• _Problem details_:
Your copy of the listing must be exact and must hold no images.

• _Dataset content_:
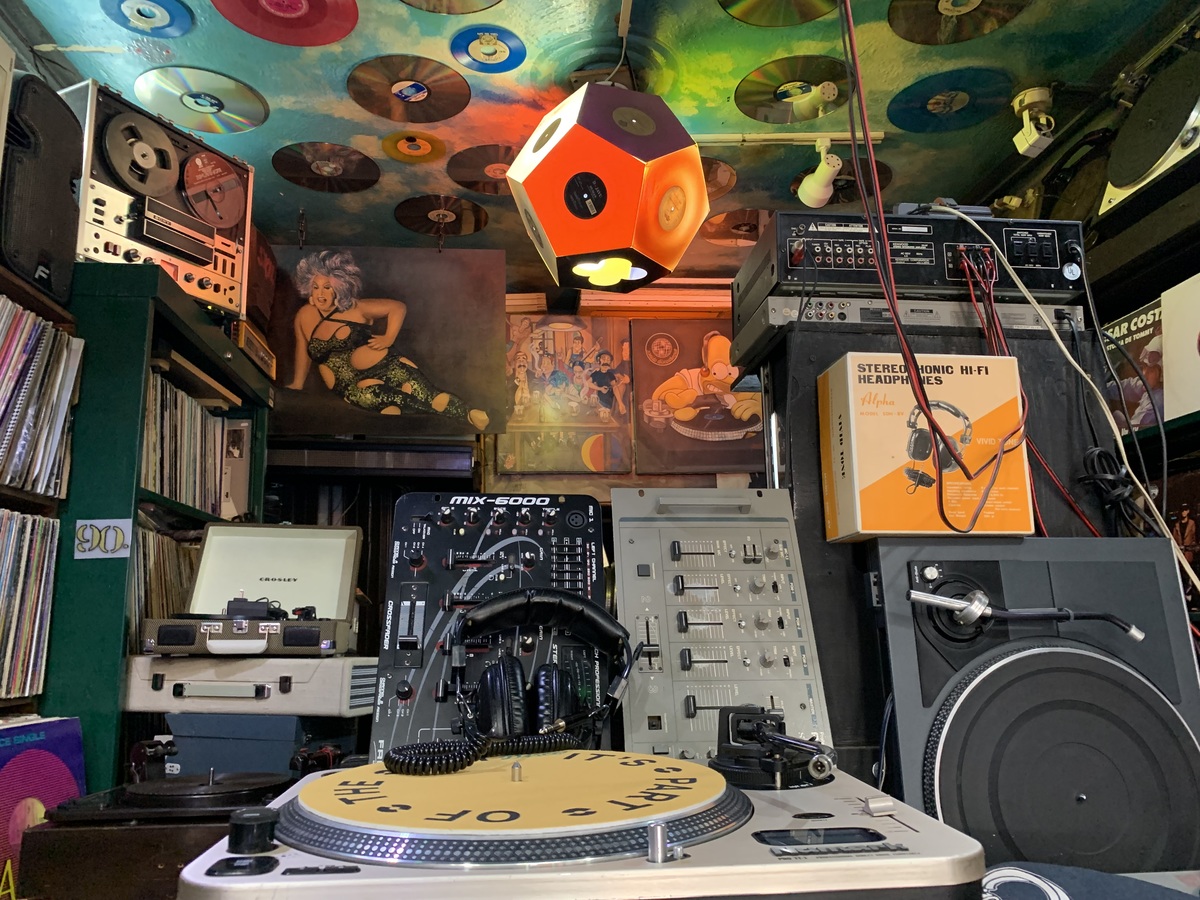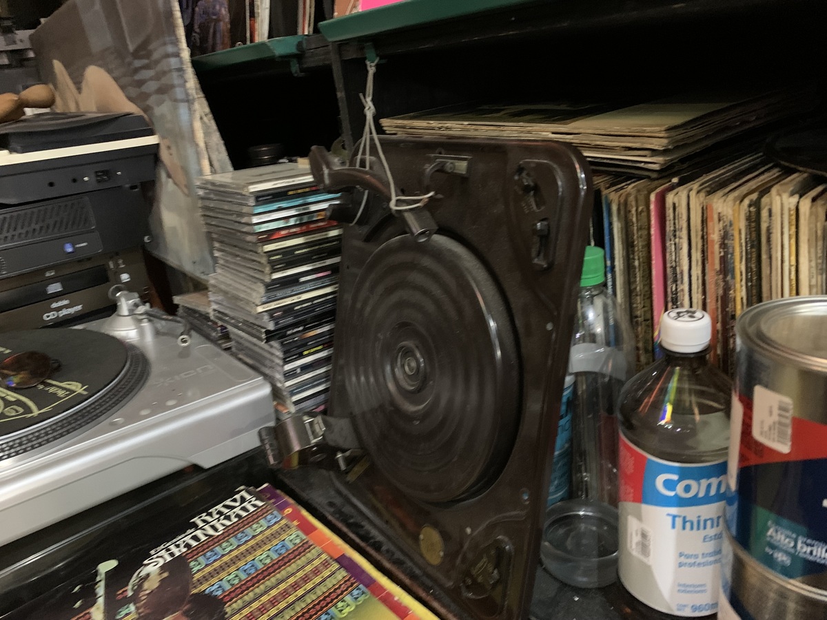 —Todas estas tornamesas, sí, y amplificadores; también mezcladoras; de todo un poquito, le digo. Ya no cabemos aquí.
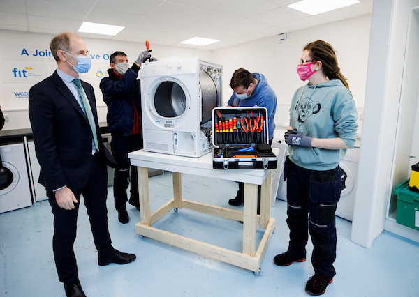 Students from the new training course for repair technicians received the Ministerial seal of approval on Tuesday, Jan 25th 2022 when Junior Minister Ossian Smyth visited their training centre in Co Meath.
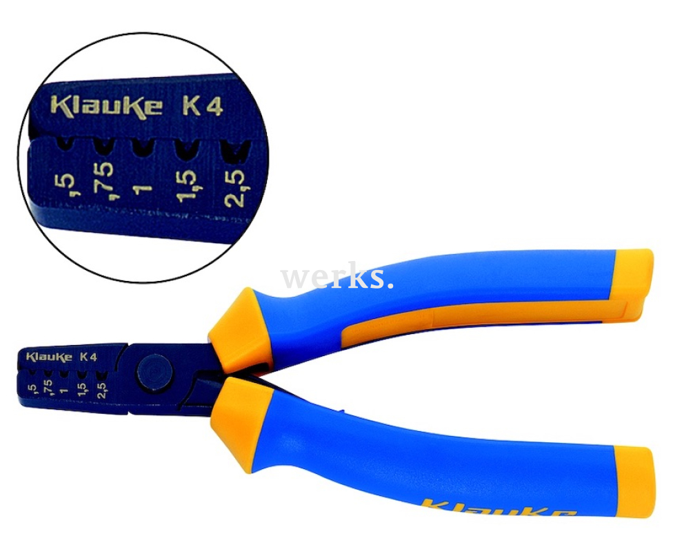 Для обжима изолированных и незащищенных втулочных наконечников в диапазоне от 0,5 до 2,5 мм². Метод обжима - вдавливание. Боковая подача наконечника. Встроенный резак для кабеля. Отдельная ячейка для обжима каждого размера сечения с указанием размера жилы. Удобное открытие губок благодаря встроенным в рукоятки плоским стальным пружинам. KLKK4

• _Exercise output_:
 —Todas estas tornamesas, sí, y amplificadores; también mezcladoras; de todo un poquito, le digo. Ya no cabemos aquí.
 Students from the new training course for repair technicians received the Ministerial seal of approval on Tuesday, Jan 25th 2022 when Junior Minister Ossian Smyth visited their training centre in Co Meath.
 Для обжима изолированных и незащищенных втулочных наконечников в диапазоне от 0,5 до 2,5 мм². Метод обжима - вдавливание. Боковая подача наконечника. Встроенный резак для кабеля. Отдельная ячейка для обжима каждого размера сечения с указанием размера жилы. Удобное открытие губок благодаря встроенным в рукоятки плоским стальным пружинам. KLKK4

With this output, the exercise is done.